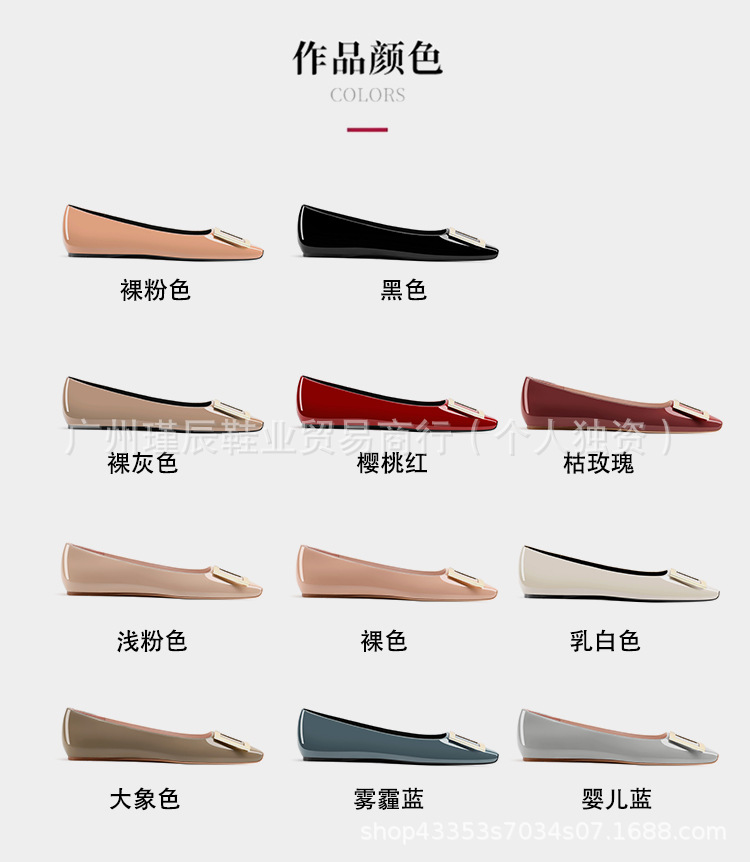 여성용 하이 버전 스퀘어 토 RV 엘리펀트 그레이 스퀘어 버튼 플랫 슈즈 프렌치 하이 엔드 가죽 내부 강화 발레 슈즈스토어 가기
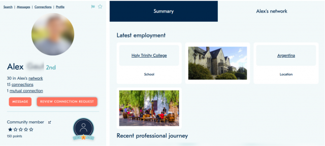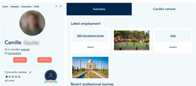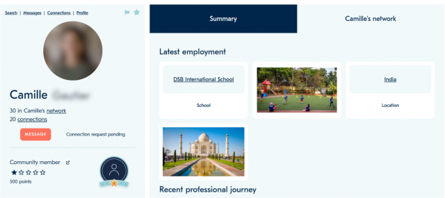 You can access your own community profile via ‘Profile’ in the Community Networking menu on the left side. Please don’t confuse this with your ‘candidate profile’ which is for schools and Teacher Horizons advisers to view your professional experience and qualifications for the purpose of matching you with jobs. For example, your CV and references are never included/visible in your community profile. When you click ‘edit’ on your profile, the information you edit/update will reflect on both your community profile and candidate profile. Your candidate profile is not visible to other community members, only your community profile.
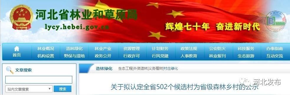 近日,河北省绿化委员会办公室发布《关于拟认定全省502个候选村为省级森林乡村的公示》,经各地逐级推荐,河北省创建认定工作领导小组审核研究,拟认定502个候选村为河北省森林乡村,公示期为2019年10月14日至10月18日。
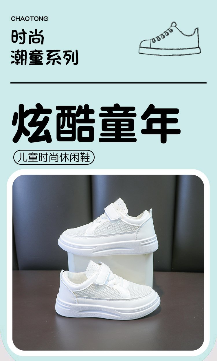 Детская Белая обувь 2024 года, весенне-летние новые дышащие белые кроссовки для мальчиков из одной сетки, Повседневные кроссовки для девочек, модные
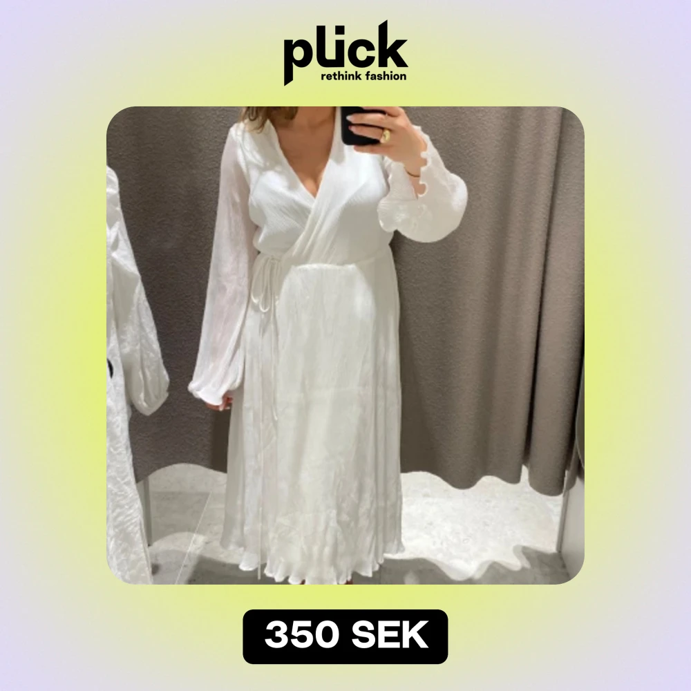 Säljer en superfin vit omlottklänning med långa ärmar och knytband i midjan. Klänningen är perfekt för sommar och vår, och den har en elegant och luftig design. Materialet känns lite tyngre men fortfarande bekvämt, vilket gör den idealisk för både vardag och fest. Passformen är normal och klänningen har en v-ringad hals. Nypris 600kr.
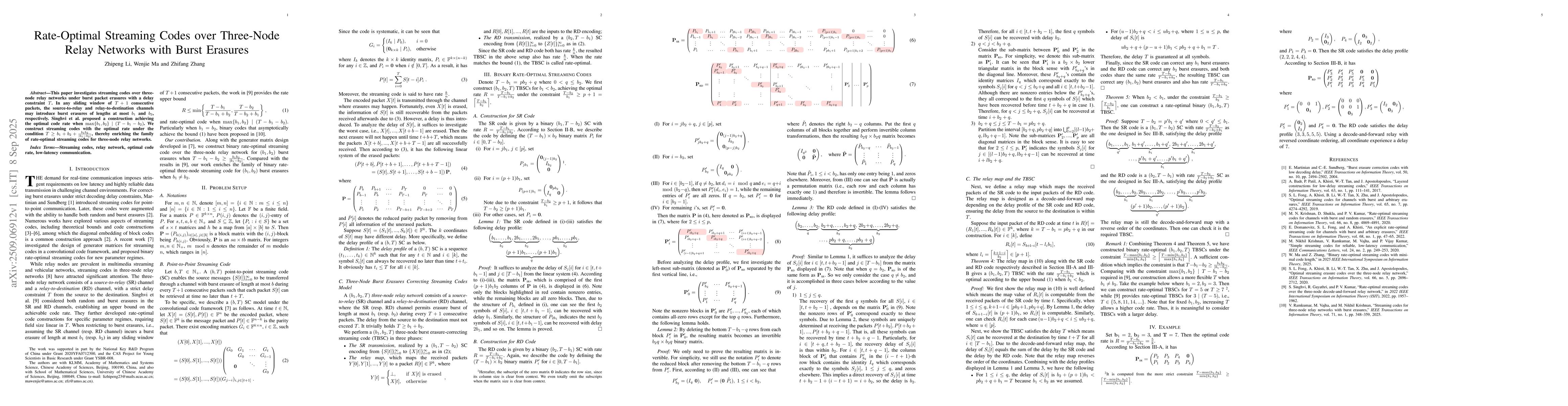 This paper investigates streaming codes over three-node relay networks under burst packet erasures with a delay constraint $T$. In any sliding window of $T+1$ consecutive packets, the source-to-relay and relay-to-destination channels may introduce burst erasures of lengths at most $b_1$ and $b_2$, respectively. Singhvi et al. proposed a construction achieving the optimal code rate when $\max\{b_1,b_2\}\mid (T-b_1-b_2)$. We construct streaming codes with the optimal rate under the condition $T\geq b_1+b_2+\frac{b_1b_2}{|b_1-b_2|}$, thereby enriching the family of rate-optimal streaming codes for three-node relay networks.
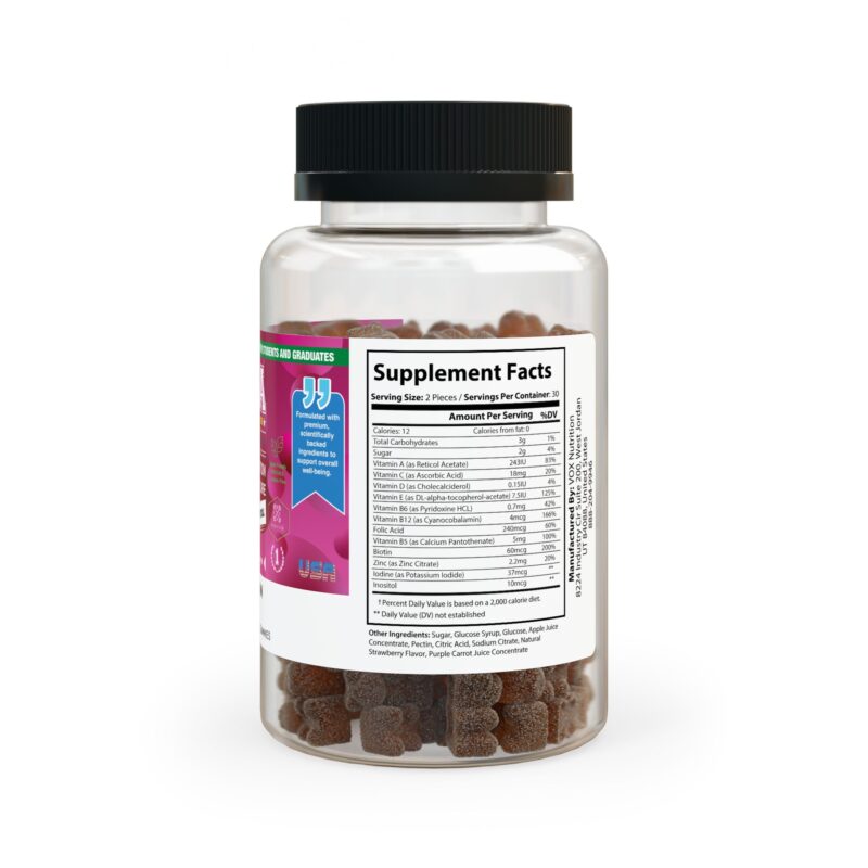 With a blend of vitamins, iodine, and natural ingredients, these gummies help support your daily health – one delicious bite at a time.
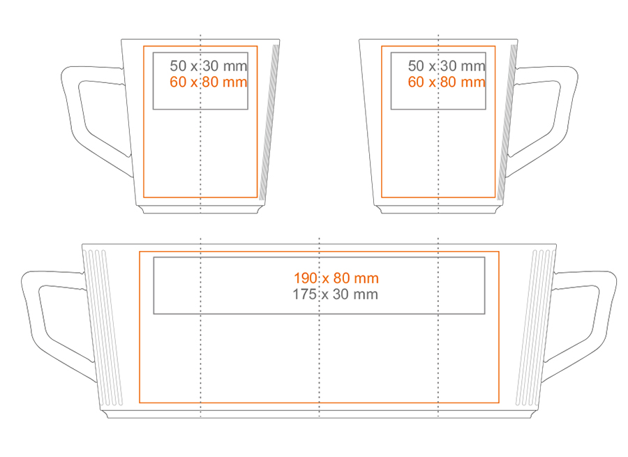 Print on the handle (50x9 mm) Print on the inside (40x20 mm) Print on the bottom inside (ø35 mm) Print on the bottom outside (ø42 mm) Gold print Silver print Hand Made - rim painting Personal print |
#####
## To do
Write out every line of the listing exactly as written, and leave the pictures out.

## Response to the task
 여성용 하이 버전 스퀘어 토 RV 엘리펀트 그레이 스퀘어 버튼 플랫 슈즈 프렌치 하이 엔드 가죽 내부 강화 발레 슈즈스토어 가기
 You can access your own community profile via ‘Profile’ in the Community Networking menu on the left side. Please don’t confuse this with your ‘candidate profile’ which is for schools and Teacher Horizons advisers to view your professional experience and qualifications for the purpose of matching you with jobs. For example, your CV and references are never included/visible in your community profile. When you click ‘edit’ on your profile, the information you edit/update will reflect on both your community profile and candidate profile. Your candidate profile is not visible to other community members, only your community profile.
 近日,河北省绿化委员会办公室发布《关于拟认定全省502个候选村为省级森林乡村的公示》,经各地逐级推荐,河北省创建认定工作领导小组审核研究,拟认定502个候选村为河北省森林乡村,公示期为2019年10月14日至10月18日。
 Детская Белая обувь 2024 года, весенне-летние новые дышащие белые кроссовки для мальчиков из одной сетки, Повседневные кроссовки для девочек, модные
 Säljer en superfin vit omlottklänning med långa ärmar och knytband i midjan. Klänningen är perfekt för sommar och vår, och den har en elegant och luftig design. Materialet känns lite tyngre men fortfarande bekvämt, vilket gör den idealisk för både vardag och fest. Passformen är normal och klänningen har en v-ringad hals. Nypris 600kr.
 This paper investigates streaming codes over three-node relay networks under burst packet erasures with a delay constraint $T$. In any sliding window of $T+1$ consecutive packets, the source-to-relay and relay-to-destination channels may introduce burst erasures of lengths at most $b_1$ and $b_2$, respectively. Singhvi et al. proposed a construction achieving the optimal code rate when $\max\{b_1,b_2\}\mid (T-b_1-b_2)$. We construct streaming codes with the optimal rate under the condition $T\geq b_1+b_2+\frac{b_1b_2}{|b_1-b_2|}$, thereby enriching the family of rate-optimal streaming codes for three-node relay networks.
 With a blend of vitamins, iodine, and natural ingredients, these gummies help support your daily health – one delicious bite at a time.
 Print on the handle (50x9 mm) Print on the inside (40x20 mm) Print on the bottom inside (ø35 mm) Print on the bottom outside (ø42 mm) Gold print Silver print Hand Made - rim painting Personal print |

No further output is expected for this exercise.